#### WORKING DATA ####

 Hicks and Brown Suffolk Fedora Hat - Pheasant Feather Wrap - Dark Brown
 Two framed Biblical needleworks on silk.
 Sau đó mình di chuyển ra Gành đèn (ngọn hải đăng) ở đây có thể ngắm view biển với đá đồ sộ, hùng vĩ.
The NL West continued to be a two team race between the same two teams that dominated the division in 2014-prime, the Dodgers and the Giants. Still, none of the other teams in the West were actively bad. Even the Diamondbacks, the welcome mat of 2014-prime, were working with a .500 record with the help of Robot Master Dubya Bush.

####
#### WORKING DATA ####

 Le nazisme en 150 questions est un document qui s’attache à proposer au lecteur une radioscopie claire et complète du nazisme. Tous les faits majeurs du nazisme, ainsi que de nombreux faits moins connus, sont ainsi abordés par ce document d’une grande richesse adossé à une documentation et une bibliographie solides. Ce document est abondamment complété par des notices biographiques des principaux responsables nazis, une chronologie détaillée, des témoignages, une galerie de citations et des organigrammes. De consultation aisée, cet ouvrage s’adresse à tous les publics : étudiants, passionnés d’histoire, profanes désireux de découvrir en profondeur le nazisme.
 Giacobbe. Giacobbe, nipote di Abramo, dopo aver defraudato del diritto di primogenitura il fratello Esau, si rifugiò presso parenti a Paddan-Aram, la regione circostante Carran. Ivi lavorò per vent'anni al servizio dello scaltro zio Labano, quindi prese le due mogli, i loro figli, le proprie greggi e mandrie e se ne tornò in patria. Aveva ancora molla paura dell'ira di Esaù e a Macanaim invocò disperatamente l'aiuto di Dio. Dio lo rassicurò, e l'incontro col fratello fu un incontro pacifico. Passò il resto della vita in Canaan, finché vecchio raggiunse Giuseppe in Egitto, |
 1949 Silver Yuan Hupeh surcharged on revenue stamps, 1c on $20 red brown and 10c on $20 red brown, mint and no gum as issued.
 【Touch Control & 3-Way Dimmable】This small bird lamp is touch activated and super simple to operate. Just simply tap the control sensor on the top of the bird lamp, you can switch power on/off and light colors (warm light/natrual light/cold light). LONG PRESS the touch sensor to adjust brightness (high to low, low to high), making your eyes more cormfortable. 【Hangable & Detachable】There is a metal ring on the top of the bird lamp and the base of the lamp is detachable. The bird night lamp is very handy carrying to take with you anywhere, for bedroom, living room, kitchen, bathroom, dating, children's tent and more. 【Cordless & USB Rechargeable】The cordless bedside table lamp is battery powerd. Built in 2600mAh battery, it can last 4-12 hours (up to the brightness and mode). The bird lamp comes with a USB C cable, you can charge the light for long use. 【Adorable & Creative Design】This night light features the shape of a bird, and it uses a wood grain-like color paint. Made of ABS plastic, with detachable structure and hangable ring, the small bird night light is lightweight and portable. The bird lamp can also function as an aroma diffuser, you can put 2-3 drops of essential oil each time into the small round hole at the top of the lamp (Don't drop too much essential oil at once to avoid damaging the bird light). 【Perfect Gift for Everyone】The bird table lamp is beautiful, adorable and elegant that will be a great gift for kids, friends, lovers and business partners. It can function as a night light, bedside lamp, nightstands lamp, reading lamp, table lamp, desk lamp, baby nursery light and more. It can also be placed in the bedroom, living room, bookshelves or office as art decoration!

####

AIM OF THE EXERCISE: Transcribe the records above exactly, beginning at the line that contains "Two framed Biblical needleworks on silk." and ending with the line that contains "The NL West", both included, and nothing else.

THE ANSWER:
 Two framed Biblical needleworks on silk.
 Sau đó mình di chuyển ra Gành đèn (ngọn hải đăng) ở đây có thể ngắm view biển với đá đồ sộ, hùng vĩ.
The NL West continued to be a two team race between the same two teams that dominated the division in 2014-prime, the Dodgers and the Giants. Still, none of the other teams in the West were actively bad. Even the Diamondbacks, the welcome mat of 2014-prime, were working with a .500 record with the help of Robot Master Dubya Bush.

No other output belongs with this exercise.